Relay

A Relay serves as a core indexing infrastructure within the AT Protocol. Relays aggregate data from across the network into a unified stream termed the firehose.

Relays occupy an intermediary role within the AT Protocol, aggregating data from Personal Data Servers (PDSes and providing the firehose to downstream services. AppViews, Feed Generators, Labellers, and other application-specific services consume the firehose to build specialized indexing and features.

Core Functions[edit | edit source]

The primary purpose of a relay is to collect, validate, and redistribute repository data from across the network. It does this by crawling user repositories hosted on PDSes throughout the network and consuming their real-time update streams. The relay verifies the cryptographic signatures and Merkle Tree proofs on all updates to ensure data integrity.

Importantly, relays themselves does not interpret or index the records in repositories, but simply stores and forwards them. As a result, developers can create new social experiences on top of the AT Protocol by defining new record types with a lexicon, and these records will flow through relays without requiring any changes to their code.

Each relay maintains its own replica of the repositories it tracks, allowing it to detect changes even when real-time notifications are interrupted. This replication provides resilience against network issues and ensures complete data coverage. When network interruptions occur, relays can periodically re-crawl repositories and compare them to its local replica to determine what records have been added or deleted.

Through continuous monitoring, relays produce a firehose - a consolidated stream of all network activity that notifies subscribers whenever records are added or deleted in any tracked repository. This firehose becomes the foundation for building network-wide services.

As part of its processing, relays perform initial data cleaning by discarding malformed updates, filtering out illegal content, and reducing high-volume spam, which helps downstream services focus on their specific functions rather than basic data validation.

Architecture[edit | edit source]

Operational Considerations[edit | edit source]

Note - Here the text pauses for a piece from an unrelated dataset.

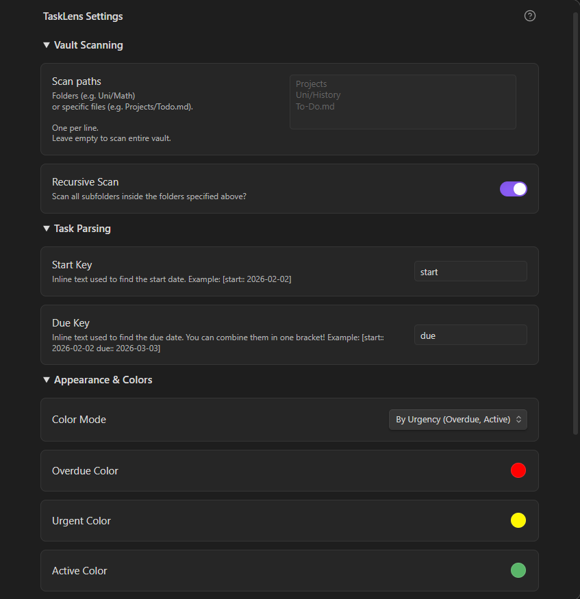 TaskLens uses standard markdown checkboxes. It scans for inline dates, supporting both YYYY-MM-DD and DD-MM-YYYY formats. You can customize the start and due keys in the settings.

Running a relay requires significant resources compared to other AT Protocol services. As of mid-2024, maintaining a real-time copy of all user repositories for a network of 6 million users cost approximately $153 per month in storage and bandwidth alone, not including computational resources for processing and serving the data.

Due to these resource requirements, there are likely to be fewer relays than self-hosted PDSes. However, the protocol is designed to support multiple relays operating independently, such that no single entity has control over data distribution in the network.

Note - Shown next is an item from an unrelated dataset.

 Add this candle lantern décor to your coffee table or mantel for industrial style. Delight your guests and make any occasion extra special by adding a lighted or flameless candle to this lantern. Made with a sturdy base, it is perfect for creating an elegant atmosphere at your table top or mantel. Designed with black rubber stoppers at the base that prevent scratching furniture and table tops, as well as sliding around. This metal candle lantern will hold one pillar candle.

Relays can be operated at different scales. Full-network relays track all repositories across the entire network, providing complete coverage. Partial-network relays might focus on specific communities, applications, or regions, reducing resource requirements. Specialized relays could serve particular use cases, such as academic research, brand monitoring, or archive preservation.

Decentralization Benefits[edit | edit source]

The relay architecture provides several key benefits for the AT Protocol's decentralization goals. No privileged access is required to operate a relay - since repositories are public, anyone can crawl and index them using the same protocols. If any relay operator violates user expectations, through censorship or other means, alternative relays can be created that don't have these issues.

Client applications can switch between different relays or even combine data from multiple relays to get a more complete view of the network. The separation between data storage (PDSes) and indexing (relays) allows for innovation at both layers without requiring changes to the entire system.